At first, he struggled to win a place in the reserve team with the quality of players then at Turf Moor and was less than a week away from his 18th birthday before his reserve team debut. A week after that debut, however, he was called into the first team after the club were hit with a number of injuries and he performed well in a 2–1 victory against Everton on 3 September 1956 giving international winger Tommy Eglington a difficult time.

Over the next two seasons he made a number of appearances in the first team but in 1958 new manager Harry Potts made Angus the regular right back, displacing Dave Smith. Angus was a superb defender and became an integral part of the Burnley side which won the Football League title in 1960, and were runners-up in both the league and FA Cup in 1962.

He was capped at U23 seven times. His full cap came on 27 May 1961, when he and Burnley teammate Brian Miller made their England debuts in the same game against Austria in Vienna.

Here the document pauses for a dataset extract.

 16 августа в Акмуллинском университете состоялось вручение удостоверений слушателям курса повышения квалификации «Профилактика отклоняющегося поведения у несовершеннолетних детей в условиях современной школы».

Angus was played out of position having to play at left-back, replacing Ray Wilson. England were defeated by three goals to one (from Jimmy Greaves). Unfortunately for Angus, England already had Jimmy Armfield and then George Cohen available at right back, and Angus was not selected again.

Angus continued his good form for Burnley as the title winning team was dismantled, and he had almost reached the age of 30 before his place was under threat. However the emergence of Fred Smith saw him out of the side for spells. In 1971, Burnley were relegated from the First Division; Angus was in the Second Division side for the first two games of the 1971–72 season before a tendon injury forced him out. Although he was hopeful of a recovery, this was not to be and he retired at the end of the season.

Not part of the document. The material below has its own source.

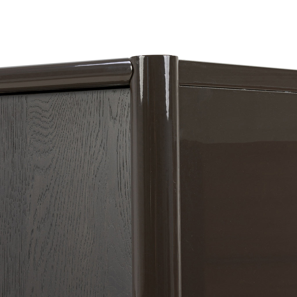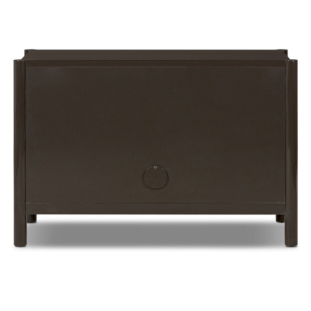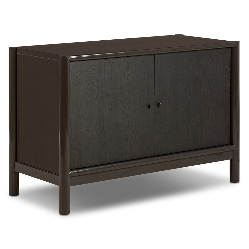 Lacquered cabinets make for evocative storage with their everlasting glossy finish. Great for small spaces, this sideboard with interior shelves features worn black oak doors for balance and contrast.

He had played in a total of 439 league games for Burnley and, with cup games, totalled 521 appearances, which placed him as the outfield player with most appearances for the club at the time, behind only goalkeeper Jerry Dawson. Subsequently, another goalkeeper, Alan Stevenson, surpassed his appearance total. His four goals all came between 1964 and 1966.

==Personal life==
His uncle, Jack Angus played for Exeter City from 1930 to 1948.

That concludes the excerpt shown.